(DATASET EXCERPT Opens)

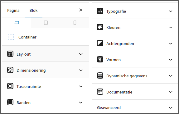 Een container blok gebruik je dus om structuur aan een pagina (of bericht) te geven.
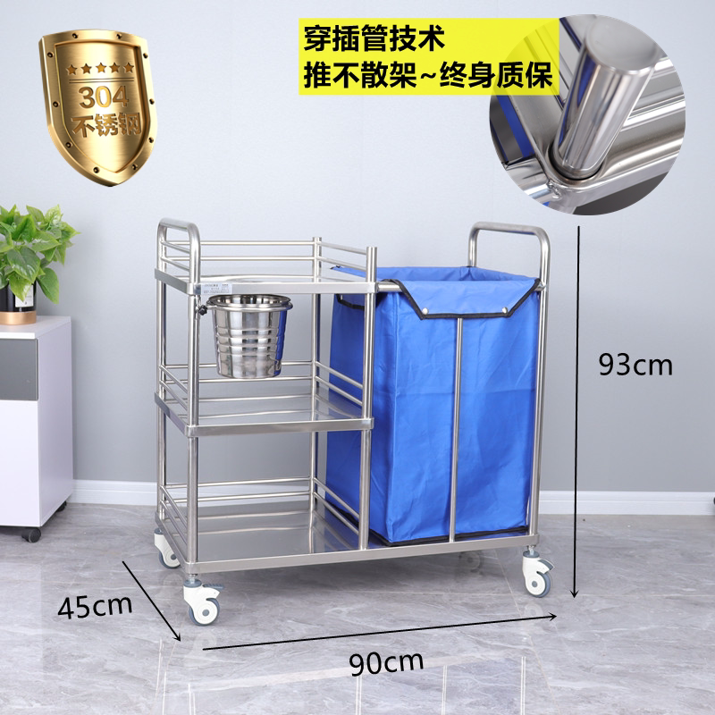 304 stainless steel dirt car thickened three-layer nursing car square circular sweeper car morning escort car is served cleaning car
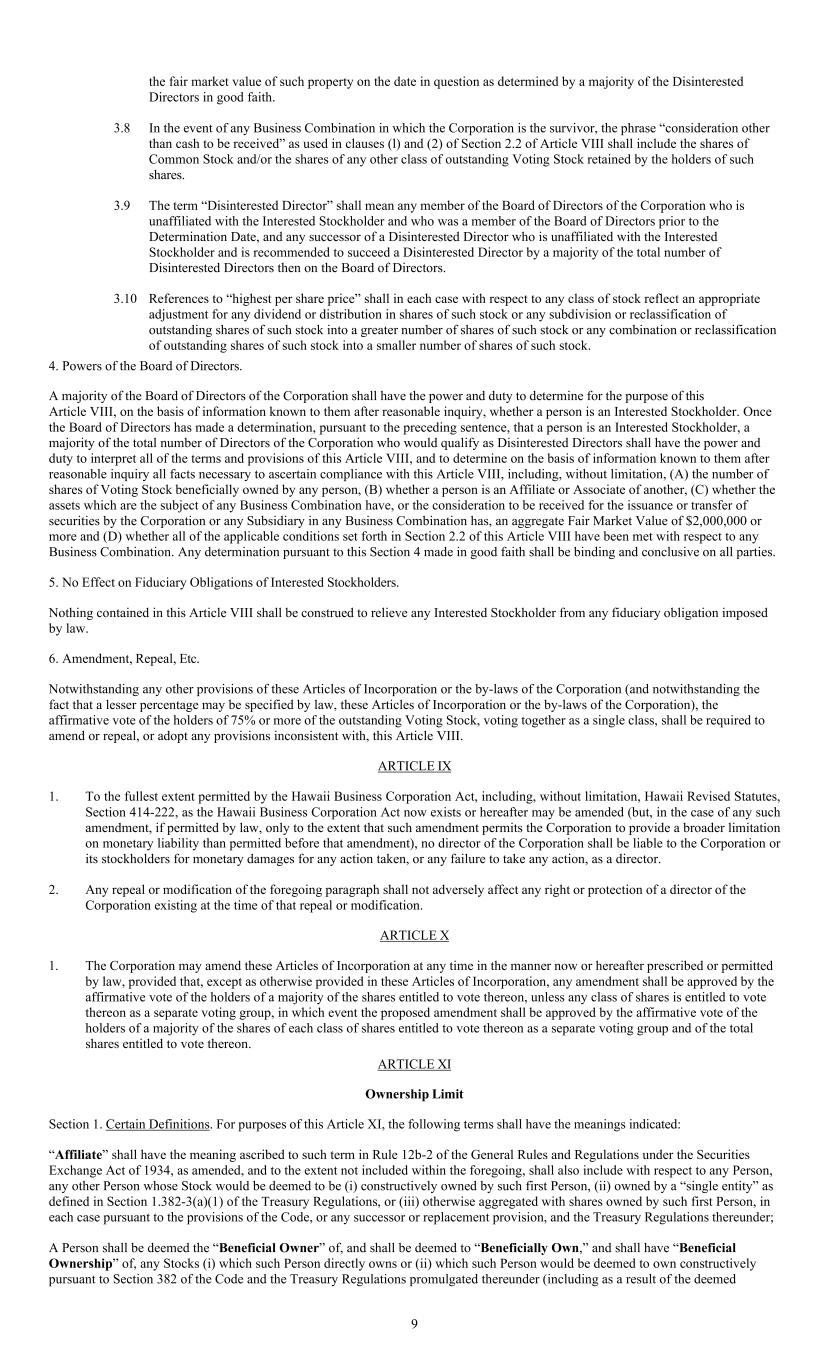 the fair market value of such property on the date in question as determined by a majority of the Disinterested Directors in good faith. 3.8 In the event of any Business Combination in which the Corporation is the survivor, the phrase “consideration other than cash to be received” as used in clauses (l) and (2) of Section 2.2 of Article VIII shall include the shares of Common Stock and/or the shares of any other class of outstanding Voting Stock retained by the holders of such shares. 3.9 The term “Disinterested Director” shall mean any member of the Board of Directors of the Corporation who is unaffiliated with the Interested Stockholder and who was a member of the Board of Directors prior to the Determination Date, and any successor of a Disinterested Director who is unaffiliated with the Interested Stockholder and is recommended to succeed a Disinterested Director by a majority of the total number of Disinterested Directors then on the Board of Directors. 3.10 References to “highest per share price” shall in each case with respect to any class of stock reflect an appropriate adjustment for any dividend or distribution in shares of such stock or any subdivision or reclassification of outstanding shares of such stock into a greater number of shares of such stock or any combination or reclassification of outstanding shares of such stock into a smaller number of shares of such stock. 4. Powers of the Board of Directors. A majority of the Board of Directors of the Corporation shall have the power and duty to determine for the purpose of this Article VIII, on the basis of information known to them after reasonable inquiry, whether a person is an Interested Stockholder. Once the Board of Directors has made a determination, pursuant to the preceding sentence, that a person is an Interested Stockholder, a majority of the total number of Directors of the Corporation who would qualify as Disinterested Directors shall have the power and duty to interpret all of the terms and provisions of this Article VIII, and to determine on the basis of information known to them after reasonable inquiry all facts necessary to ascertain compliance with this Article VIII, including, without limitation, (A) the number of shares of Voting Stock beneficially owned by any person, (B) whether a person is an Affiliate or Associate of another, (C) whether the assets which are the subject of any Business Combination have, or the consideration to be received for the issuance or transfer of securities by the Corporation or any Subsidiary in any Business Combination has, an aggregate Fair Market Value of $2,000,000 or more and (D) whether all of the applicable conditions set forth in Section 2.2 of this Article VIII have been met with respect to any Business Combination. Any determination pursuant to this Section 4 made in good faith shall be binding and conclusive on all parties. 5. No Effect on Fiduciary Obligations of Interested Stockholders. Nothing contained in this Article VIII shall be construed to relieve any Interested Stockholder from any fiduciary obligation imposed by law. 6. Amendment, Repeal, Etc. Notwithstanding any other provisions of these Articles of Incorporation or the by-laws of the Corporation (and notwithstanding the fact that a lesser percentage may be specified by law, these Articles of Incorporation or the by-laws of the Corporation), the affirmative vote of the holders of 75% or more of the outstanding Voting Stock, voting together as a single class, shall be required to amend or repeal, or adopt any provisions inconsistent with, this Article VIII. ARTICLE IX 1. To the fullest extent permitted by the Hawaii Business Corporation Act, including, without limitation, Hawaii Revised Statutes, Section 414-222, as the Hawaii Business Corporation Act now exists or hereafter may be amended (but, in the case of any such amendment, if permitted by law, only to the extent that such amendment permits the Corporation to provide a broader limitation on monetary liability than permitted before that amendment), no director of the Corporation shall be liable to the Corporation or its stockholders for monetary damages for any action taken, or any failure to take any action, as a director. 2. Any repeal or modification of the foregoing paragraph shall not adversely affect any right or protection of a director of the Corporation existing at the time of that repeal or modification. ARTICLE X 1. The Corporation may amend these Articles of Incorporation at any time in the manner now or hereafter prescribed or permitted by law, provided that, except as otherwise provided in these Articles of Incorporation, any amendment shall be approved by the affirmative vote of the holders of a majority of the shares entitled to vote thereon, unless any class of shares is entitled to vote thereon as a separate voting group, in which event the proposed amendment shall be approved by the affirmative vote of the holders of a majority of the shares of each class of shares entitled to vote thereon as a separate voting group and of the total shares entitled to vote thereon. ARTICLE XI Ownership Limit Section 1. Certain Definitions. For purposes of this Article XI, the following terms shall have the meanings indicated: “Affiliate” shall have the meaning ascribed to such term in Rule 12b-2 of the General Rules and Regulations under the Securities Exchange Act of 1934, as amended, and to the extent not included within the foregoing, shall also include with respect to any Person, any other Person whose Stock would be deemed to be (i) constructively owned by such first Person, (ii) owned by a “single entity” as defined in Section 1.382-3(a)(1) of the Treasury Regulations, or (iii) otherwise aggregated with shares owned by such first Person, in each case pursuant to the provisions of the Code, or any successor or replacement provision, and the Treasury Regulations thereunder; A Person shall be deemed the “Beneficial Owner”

(DATASET EXCERPT Closes)

WHAT YOU ARE ASKED TO DO ▸ An exact copy of the listing is required, excluding any pictures.

RESPONSE TO THIS TASK ▸
 Een container blok gebruik je dus om structuur aan een pagina (of bericht) te geven.
 304 stainless steel dirt car thickened three-layer nursing car square circular sweeper car morning escort car is served cleaning car
 the fair market value of such property on the date in question as determined by a majority of the Disinterested Directors in good faith. 3.8 In the event of any Business Combination in which the Corporation is the survivor, the phrase “consideration other than cash to be received” as used in clauses (l) and (2) of Section 2.2 of Article VIII shall include the shares of Common Stock and/or the shares of any other class of outstanding Voting Stock retained by the holders of such shares. 3.9 The term “Disinterested Director” shall mean any member of the Board of Directors of the Corporation who is unaffiliated with the Interested Stockholder and who was a member of the Board of Directors prior to the Determination Date, and any successor of a Disinterested Director who is unaffiliated with the Interested Stockholder and is recommended to succeed a Disinterested Director by a majority of the total number of Disinterested Directors then on the Board of Directors. 3.10 References to “highest per share price” shall in each case with respect to any class of stock reflect an appropriate adjustment for any dividend or distribution in shares of such stock or any subdivision or reclassification of outstanding shares of such stock into a greater number of shares of such stock or any combination or reclassification of outstanding shares of such stock into a smaller number of shares of such stock. 4. Powers of the Board of Directors. A majority of the Board of Directors of the Corporation shall have the power and duty to determine for the purpose of this Article VIII, on the basis of information known to them after reasonable inquiry, whether a person is an Interested Stockholder. Once the Board of Directors has made a determination, pursuant to the preceding sentence, that a person is an Interested Stockholder, a majority of the total number of Directors of the Corporation who would qualify as Disinterested Directors shall have the power and duty to interpret all of the terms and provisions of this Article VIII, and to determine on the basis of information known to them after reasonable inquiry all facts necessary to ascertain compliance with this Article VIII, including, without limitation, (A) the number of shares of Voting Stock beneficially owned by any person, (B) whether a person is an Affiliate or Associate of another, (C) whether the assets which are the subject of any Business Combination have, or the consideration to be received for the issuance or transfer of securities by the Corporation or any Subsidiary in any Business Combination has, an aggregate Fair Market Value of $2,000,000 or more and (D) whether all of the applicable conditions set forth in Section 2.2 of this Article VIII have been met with respect to any Business Combination. Any determination pursuant to this Section 4 made in good faith shall be binding and conclusive on all parties. 5. No Effect on Fiduciary Obligations of Interested Stockholders. Nothing contained in this Article VIII shall be construed to relieve any Interested Stockholder from any fiduciary obligation imposed by law. 6. Amendment, Repeal, Etc. Notwithstanding any other provisions of these Articles of Incorporation or the by-laws of the Corporation (and notwithstanding the fact that a lesser percentage may be specified by law, these Articles of Incorporation or the by-laws of the Corporation), the affirmative vote of the holders of 75% or more of the outstanding Voting Stock, voting together as a single class, shall be required to amend or repeal, or adopt any provisions inconsistent with, this Article VIII. ARTICLE IX 1. To the fullest extent permitted by the Hawaii Business Corporation Act, including, without limitation, Hawaii Revised Statutes, Section 414-222, as the Hawaii Business Corporation Act now exists or hereafter may be amended (but, in the case of any such amendment, if permitted by law, only to the extent that such amendment permits the Corporation to provide a broader limitation on monetary liability than permitted before that amendment), no director of the Corporation shall be liable to the Corporation or its stockholders for monetary damages for any action taken, or any failure to take any action, as a director. 2. Any repeal or modification of the foregoing paragraph shall not adversely affect any right or protection of a director of the Corporation existing at the time of that repeal or modification. ARTICLE X 1. The Corporation may amend these Articles of Incorporation at any time in the manner now or hereafter prescribed or permitted by law, provided that, except as otherwise provided in these Articles of Incorporation, any amendment shall be approved by the affirmative vote of the holders of a majority of the shares entitled to vote thereon, unless any class of shares is entitled to vote thereon as a separate voting group, in which event the proposed amendment shall be approved by the affirmative vote of the holders of a majority of the shares of each class of shares entitled to vote thereon as a separate voting group and of the total shares entitled to vote thereon. ARTICLE XI Ownership Limit Section 1. Certain Definitions. For purposes of this Article XI, the following terms shall have the meanings indicated: “Affiliate” shall have the meaning ascribed to such term in Rule 12b-2 of the General Rules and Regulations under the Securities Exchange Act of 1934, as amended, and to the extent not included within the foregoing, shall also include with respect to any Person, any other Person whose Stock would be deemed to be (i) constructively owned by such first Person, (ii) owned by a “single entity” as defined in Section 1.382-3(a)(1) of the Treasury Regulations, or (iii) otherwise aggregated with shares owned by such first Person, in each case pursuant to the provisions of the Code, or any successor or replacement provision, and the Treasury Regulations thereunder; A Person shall be deemed the “Beneficial Owner”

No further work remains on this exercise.